Below are records that hold pictures; write out only the lines from their start through the line with "アンティーク調のウォールナッ", exactly, and drop the pictures.

Segment Start: Data records

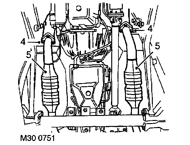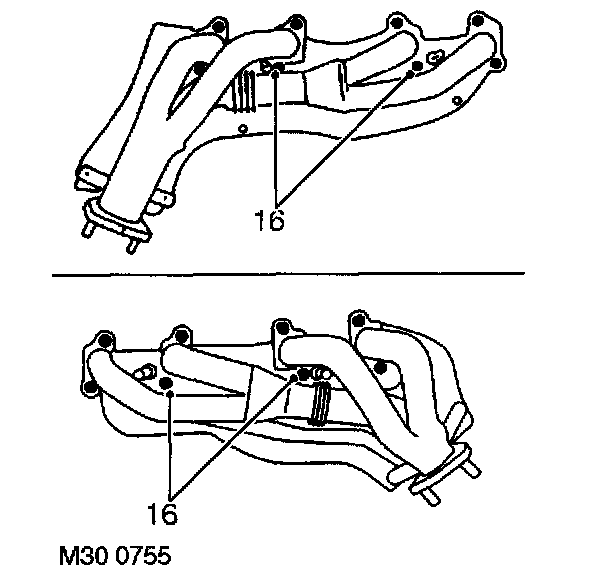 28. Fit new gasket to front pipe. Position pipe to exhaust manifold. Secure with nuts Tighten to 50 Nm (37 ft. lbs.).
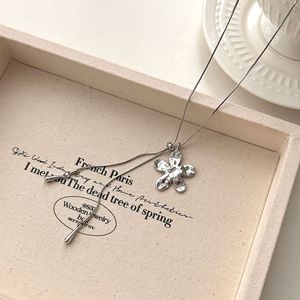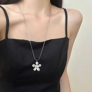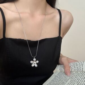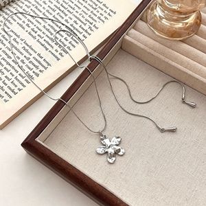 韓国版の引き出し式フラワーネックレス新しいイントレンドレディースシンプルニッチファッションロングセーターチェーンスネークボーンチェーン
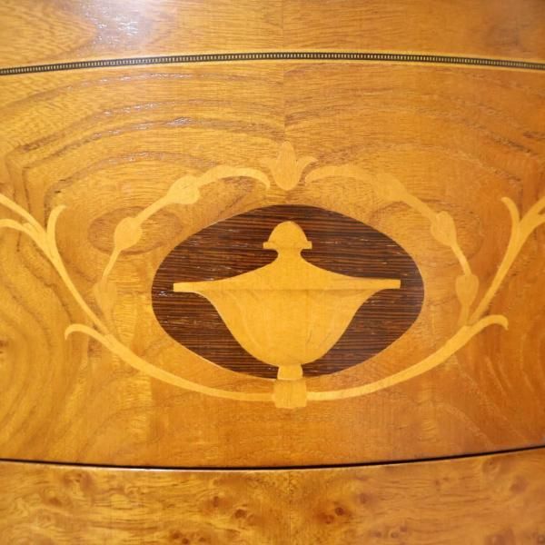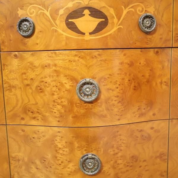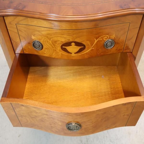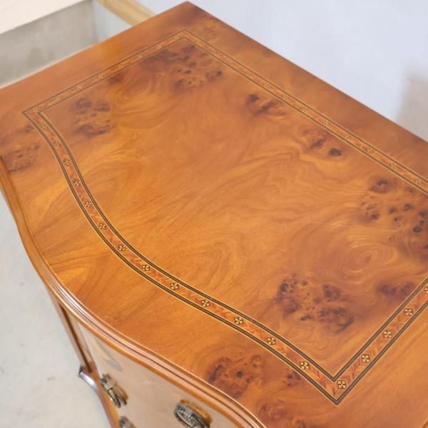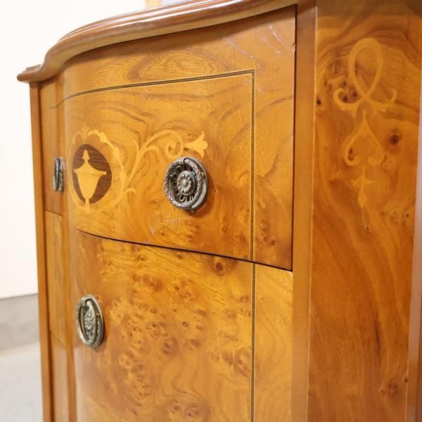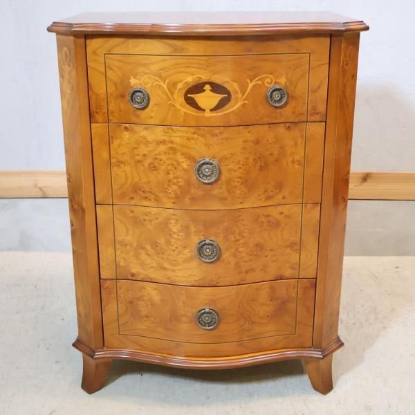 アンティーク調のウォールナット材 4段チェスト。エレガントな象嵌細工の洋タンスはクラシックなデザインで、アンティーク調の取っ手がアクセントに♪お部屋をロマンチックに演出してくれます/イタリア
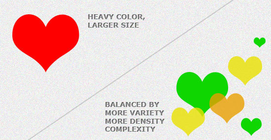 除了色調(diào),顏色還有一些能夠明顯影響視重的屬性。例如,低飽和度的紅色視重更重,相對于黃色或是橘色也更具吸引力。下面這個例子我們可以看到,通過 使用其 他復(fù)雜程度和尺寸不同的元素,我們也能平衡視重。左邊的紅心面積比較大,亮度更高,因此視重比較重。為了視覺平衡,畫布的右邊我們可以增加不同大小的心形 數(shù)量來增加復(fù)雜程度。
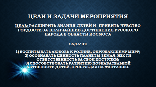 Цель мероприятия: расширить знания детей и привить чувство гордости за величайшие достижения русского народа в области космоса
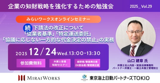 即戦力となるプロフェッショナル人材のマッチングサービス『フリーコンサルタント.jp』を展開する株式会社みらいワークス(本社:東京都港区、代表取締役社長 岡本 祥治、以下「当社」)は、2025年12月24日(水)、株式会社東京海上日動パートナーズTOKIO、弁護士法人内田・鮫島法律事務所と共催でオンラインセミナーを開催します。

Segment End: Data records

**Response below:**
 28. Fit new gasket to front pipe. Position pipe to exhaust manifold. Secure with nuts Tighten to 50 Nm (37 ft. lbs.).
 韓国版の引き出し式フラワーネックレス新しいイントレンドレディースシンプルニッチファッションロングセーターチェーンスネークボーンチェーン
 アンティーク調のウォールナット材 4段チェスト。エレガントな象嵌細工の洋タンスはクラシックなデザインで、アンティーク調の取っ手がアクセントに♪お部屋をロマンチックに演出してくれます/イタリア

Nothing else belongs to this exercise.